The pinion gear 121 is connected to the motor output shaft 111a of the drive motor 111, which is axially disposed relative to the working nozzle 119 and rotationally driven when the drive motor 111 is running. The pinion gear 123 is engaged with the pinion gear 121, and the pinion gear 123 is mounted on the driven shaft 125. Therefore, the driven shaft 125 is connected to the output shaft 111a of the drive motor 111 and rotationally driven. The drive motor 111 is a feature that corresponds to the term “engine” according to the invention.

The rotating member 127 rotates together with the driven gear 123 via the driven shaft 125. The outer perimeter of the rotating member 127 mounted on the driven shaft 125 is tilted at a predetermined angle relative to the axis of the driven shaft 125. The swing ring 129 is rotatably mounted on the outer inclined perimeter of the rotating element 127 using a bearing 126 and drives the working nozzle 119 in oscillatory motion in the axial direction when the rotating element 127 rotates. The oscillating ring 129 represents th feature that corresponds to the term "swinging" item according to the invention. Further, the swing ring 129 has a swing arm 128 extending upward from it (in the radial direction) in a direction transverse to the axial direction of the working nozzle 119, and the swing arm 128 is connected to the piston 141 through a ball insert (steel ball) 124 so that the swing arm the lever 128 can be rotated in all directions.

The piston 141 is driven in reciprocating motion in the axial direction relative to the working nozzle inside the cylindrical impactor 143 having a bottom during oscillatory movement of the oscillating ring 129, and serves as a drive element for driving the impact mechanism 115. The piston 141 is a feature that corresponds to the term "leading element" according to the present invention. In this embodiment, each of the output shaft 111a of the drive motor 111, the driven shaft 125, and the piston 141 are located in the axial direction relative to the working nozzle 119, and they are all installed parallel to each other. Further, in this embodiment, the driven shaft 125 is located below the output shaft 111a of the drive motor 111, and the piston 141 is located above the driven shaft 125.

The power transfer section 114 serves to appropriately reduce the rotational speed of the drive motor 111 and transfer it to the working nozzle 119 so that the working nozzle 119 is rotationally driven in its circumferential direction. A power transmission section 114 is disposed on the side of the working nozzle 119 with respect to the drive motor 111 axially to the working nozzle 119. The power transmission section 114 according to this embodiment mainly includes a first gear gear 131, a second gear gear 133, a hammer guide 139 and a tool holder 137 .
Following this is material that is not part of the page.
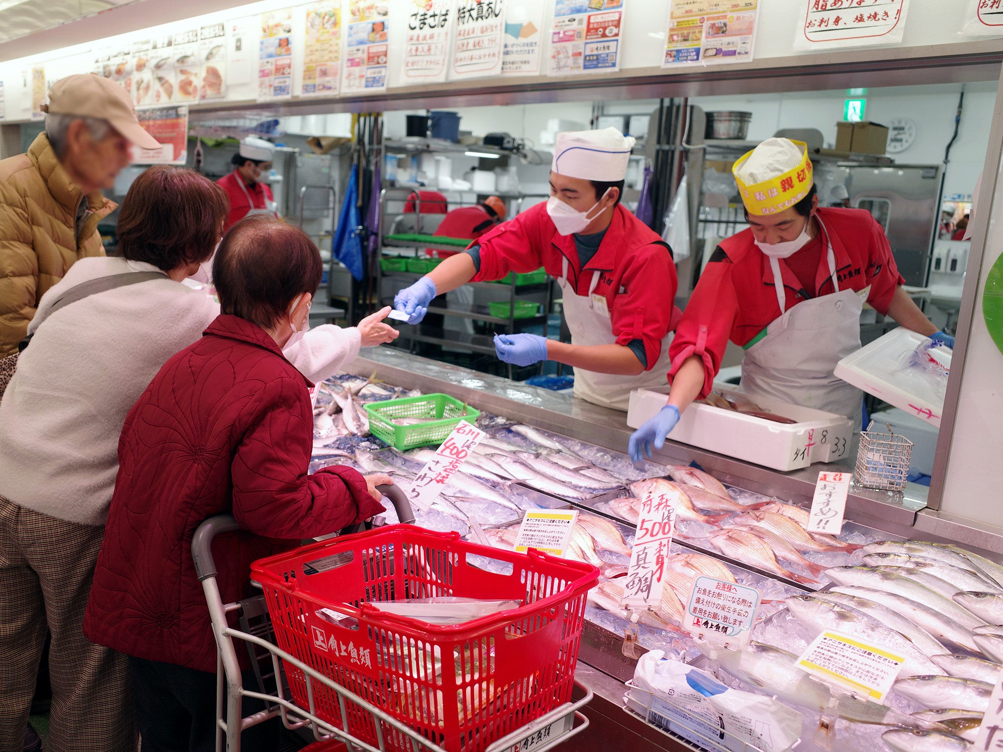 角上魚類では、知識豊富な「親切係」という魚のコンシェルジュのようなスタッフを全店に配置しております!魚の特徴や美味しい食べ方、身おろしのアドバイスなど、お客様においしく魚を召し上がって頂けるようにサポートしています。

The first gear gear 131 is rotationally driven in a vertical plane by the drive motor 111 through the drive gear 121 and the driven shaft 125. The second gear gear 133 is engaged with the first gear gear 131 and rotates the tool holder 137 about its axis when the driven shaft 125 rotates. The guide 139 of the hammer is located in the axial direction relative to the working nozzle 119 and serves to guide the linear movement of the hammer 143. Further, the guide 139 of the hammer is arranged as a cylinder an element that rotates together with the second gear gear 133. The tool holder 137 is located in the axial direction relative to the working nozzle 119 and serves as a locking element for holding the working nozzle 119. Further, the working nozzle 119 rotates together with the hammer guide 139 by means of a torque limiter 135 moment.

The tool holder 137 is rotatably mounted on a bearing 147 in a cylindrical sleeve 117, which is formed as a single part on the front end of the gear housing 107. Further, the hammer guide 139 is rotatably mounted on a bearing 126 in a cylindrical guide bearing support clip 108 a, which is formed on the inner housing 108 inside the gear housing 107.
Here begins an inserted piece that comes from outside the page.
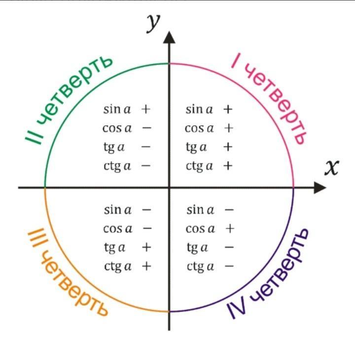 Например, для любого угла из второй четверти - синус положителен, а косинус, тангенс и котангенс отрицательны. А для любого угла из первой четверти - все четыре функции будут положительны.

The percussion mechanism 115 mainly includes a striker 143 having a cylindrical shape with a bottom and placed inside the cavity of the striker guide 139 so that it can slide axially relative to the working nozzle, and an intermediate element in the form of a striker 145, which is slidably placed inside the holder 137 tool and serves to transfer the kinetic energy of the hammer 143 to the working nozzle 119. The air spring chamber 143a is formed by a cavity between the inner wall of the hammer 143 and the surface of the axial front the end of the piston 141, which is slidably disposed in the cavity. Drummer 143 is configured as a firing pin that is driven forward by the air spring chamber 143a when the piston 141 moves linearly and strikes the working nozzle 119. The air spring chamber 143a is formed on the extension of the axis of the working nozzle 119. The air spring chamber 143a is a sign that corresponds to the term "first air chamber "according to the invention.

In the rotary hammer 101 having the above-described construction, when the drive motor 111 is operating, the drive gear 121 is rotationally rotated in a vertical plane by the rotary shaft of the drive motor 111. Then, the rotary member 127 is rotationally rotated in the vertical plane by the driven gear 123 which is engaged with a drive gear 121, and a driven shaft 125, which, in turn, forces the swing ring 129 and swing arm 128 to oscillate in the axial direction relative to the working nozzles 119. Then the piston 141 is informed of linear sliding movement by the oscillatory movement of the swing arm 128. Under the action of compressed air as a pneumatic spring (pressure pulsation) inside the air spring chamber 143a due to this sliding movement of the piston 141, the hammer 143 linearly moves inside the guide 139 of the hammer. At this moment, the hammer 143 collides with the hammer 145 and transfers the kinetic energy generated by the collision to the working nozzle 119. When the first gear gear 131 is rotated together with the driven shaft 125, the hammer guide 139 is rotationally driven in the vertical plane by the second gear gear 133, which is meshed with the first gear gear 131, which, in turn, forces the tool holder 137 and the work nozzle 119 held by the tool holder 137, schatsya in the circumferential direction together with the firing pin guide 139. Thus, the working nozzle 119 performs a shock action when moving in the axial direction and a drilling action when moving in the circumferential direction, so that the work of the hammer is performed in the workpiece.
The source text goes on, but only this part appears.